Yes, our Redeemer had to be both God and man. No mere man could redeem even himself from sin, let alone everybody else. When you are trying to solve a mystery you look for both motive and opportunity. So when you ask who redeemed the world, ask those same questions. Only God could have such unconditional love so as to lay down His life for the world. Only a man could have the opportunity to suffer and die. A mere man might die, but there the story would end because he would be tangled in the net of sin. To have both motive and opportunity requires God Incarnate. God was in Christ. He could die, and He could rise again.

The collective human race will always be frustrated by evil. It can invent new culture, new education, new technology. All this merely exchanges new evils for old ones. Evil in the world is a consequence of sin. The solution requires grace. Wherever there is grace we will see miracles and mysteries, we will see energy which nature and the Law cannot account for. But we know it was there. We can repeat the fantastic story of the Gospel. The way from man to God was blocked by the barricade of sin, far too high for man to cross. So God came over it in Christ, and made a passage through it with His flesh and blood. That is the mystery of godliness.
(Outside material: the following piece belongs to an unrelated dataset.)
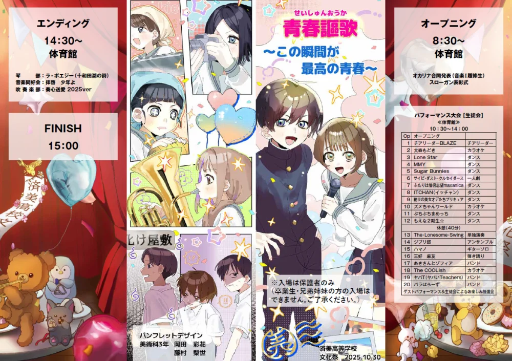 TOP > 学校からのお知らせ > 学校からのお知らせ > 🏫 令和7年度「済美高校 文化祭」開催のお知らせ お知らせ学校からのお知らせ 2025.10.21 🏫 令和7年度「済美高校 文化祭」開催のお知らせ 学校行事 本校では、令和7年10月30日(木)8:30より文化祭を開催いたします。生徒たちの日頃の学びや活動の成果を披露する、年に一度の大切な行事です。当日は、一般公開を保護者の方のみとさせていただきます。誠に恐縮ですが、卒業生や兄弟姉妹の方のご入場はご遠慮ください。皆さまのご理解とご協力をお願いいたします。当日のプログラムや注意事項については、以下のPDFよりご確認ください。📄 [文化祭パンフレット表(PDF)]📄 [文化祭パンフレット裏(PDF)]📄 [文化祭ご案内・注意事項(PDF)] お知らせ一覧 新着記事 学校からのお知らせ 2025.10.21 🏫 令和7年度「済美高校 文化祭」開催のお知らせ 学校行事 入試・入学関連 2025.10.06 Web出願マニュアル(受験生用)、調査書用用紙申し込みのご案内【締切:11月14日(金)】 校長室から 2025.10.02 【校長便り10月】駅留(えきどめ) 学校行事 学校からのお知らせ 2025.10.01 Stylish New Style✨冬の制服が新しくなります(令和8年度入学生対象) FIND!キーワードやタグで検索! 写真部の作品 弓道部 模擬国連 野球部 PTA 校外スポーツ活動 食物科学コース 美術科 合唱部 オープンスクール 大会実績 コンテスト キャリア教育講座 学校行事 卒業生の活躍 アート&デザイン作品

In the Iliad, Homer tells of Hector, the hero of Troy. As he prepared for his last battle, Andromache, his wife, came as far as the gate to bid him farewell. She was followed by the nurse who carried Hector's infant son. The mighty Hector, with his marvelous armor and plumed hat, was terrifying to the baby. The little one clung to the nurse's neck. Then Hector took his helmet off, and the baby began to smile. He hugged his father. So when our heavenly Father appears as the volcano God, as He did at Mt. Sinai, we tremble with fear. We recoil from the holy because He is holy. Remember, the Polynesian word for "holy" is taboo. We have innate fear of such things, but as He lays His power by, as He comes in the form of a Servant, even the guiltiest of sinners can embrace Him. Yes, we needed a hero, a superstar, but we also needed a Savior we could approach. In Jesus we have the answer. Great is the mystery of godliness! AMEN.